Court of Appeals of Iowa

December 20, 2017

STATE OF IOWA, Plaintiff-Appellee,
v.
LAMONT MONTEE WILLIAMS, Defendant-Appellant.

         Appeal from the Iowa District Court for Story County, Paul G. Crawford, District Associate Judge.

         A defendant appeals convictions for possession of marijuana; failure to affix a drug tax stamp; possession of cocaine, third or subsequent offense; and possession of hydrocodone, third or subsequent offense.

          Andrew J. Boettger of Hastings, Gartin & Boettger, L.L.P., Ames, for appellant.

          Thomas J. Miller, Attorney General, and Sharon K. Hall, Assistant Attorney General, for appellee.

          Considered by Vaitheswaran, P.J., and Potterfield and McDonald, JJ.

          POTTERFIELD, JUDGE.

         Lamont Montee Williams appeals from his convictions for possession of marijuana; failure to affix a drug tax stamp; possession of cocaine; third or subsequent offense; and possession of hydrocodone, third or subsequent offense. Williams maintains the district court should have granted his motion to suppress evidence because the search-warrant application did not provide sufficient basis to support probable cause and the required nexus between the items sought pursuant to the warrant and the people or places searched.

         I. Background Facts and Proceedings.
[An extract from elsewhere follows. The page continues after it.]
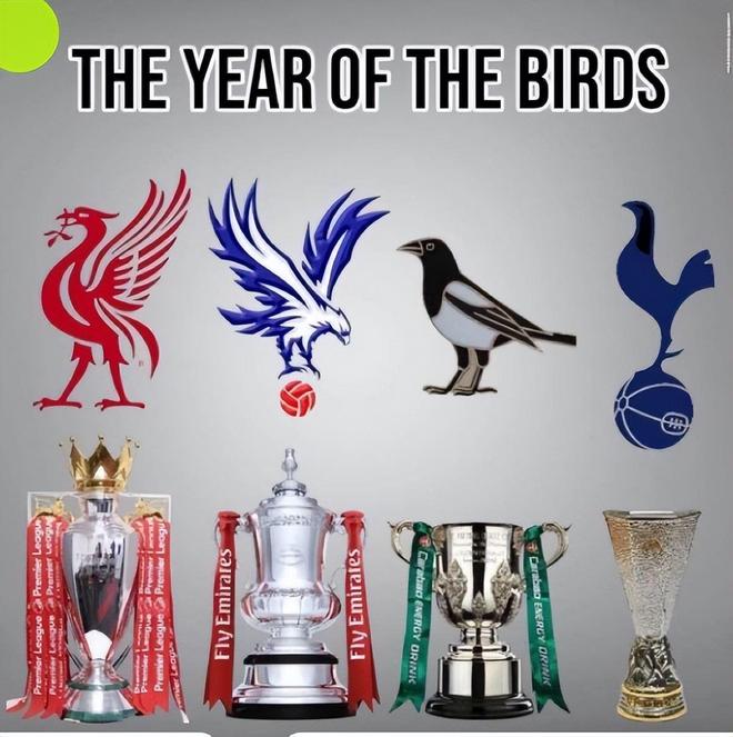 另外值得一提的是,不知道是不是巧合,上赛季夺冠的英超球队队徽都有一只鸟。有人开玩笑说:“这是属于英超的鸟年。”这也意味着新赛季英超能有6支球队出现在欧冠赛场,让“宇超”之名进一步深入人心。

         On November 9, 2015, Ames Police officers responded to a call from Sandra Fairbanks reporting a broken window at her residence. While discussing the incident with Fairbanks at the front door to her residence, Officer Vincent Junior reported he could smell marijuana and see a hazy smoke inside the residence. After entering the residence with Fairbanks' consent, Officer Junior conducted a protective sweep, handcuffed the occupants of the residence-including Williams, Fairbanks, and a third adult-and applied for a search warrant. A warrant was issued to search the Fairbanks residence and the three individuals, including Williams, found there by the officers. In executing the search pursuant to the warrant, officers found $1240 in cash and a key to the apartment in Williams's pockets. In a bedroom, officers found marijuana, white powder later identified as cocaine, and a prescription bottle with two hydrocodone pills. Mail with Williams's name and male clothing were also found in the bedroom.

         II. Standard of Review.

         Because this case involves the constitutional right to be free from unreasonable searches and seizures, our review of the district court's suppression ruling is de novo. See State v. Davis, 679 N.W.2d 651, 656 (Iowa 2004). To determine whether probable cause has been established for the issuance of a search warrant, we review the totality of the circumstances. Id. We do not make an independent determination of probable cause but determine whether the issuing judge had a substantial basis for concluding probable cause existed. Id. We examine only the information actually presented to the court at the time of the application for the warrant. Id.

         III. Discussion.

         a. Probable Cause.

         The Iowa Supreme Court has held a trained officer's detection of a sufficiently distinctive odor, by itself or when accompanied by other facts, may establish probable cause. State v. Watts, 801 N.W.2d 845, 854 (Iowa 2011). Williams argues the warrant application did not demonstrate Officer Junior was qualified to recognize the odor of marijuana. Officer Junior's warrant application asserts there were illegal narcotics in the residence because he could "smell the odor of raw or burnt marijuana" from outside the residence. Williams claims ...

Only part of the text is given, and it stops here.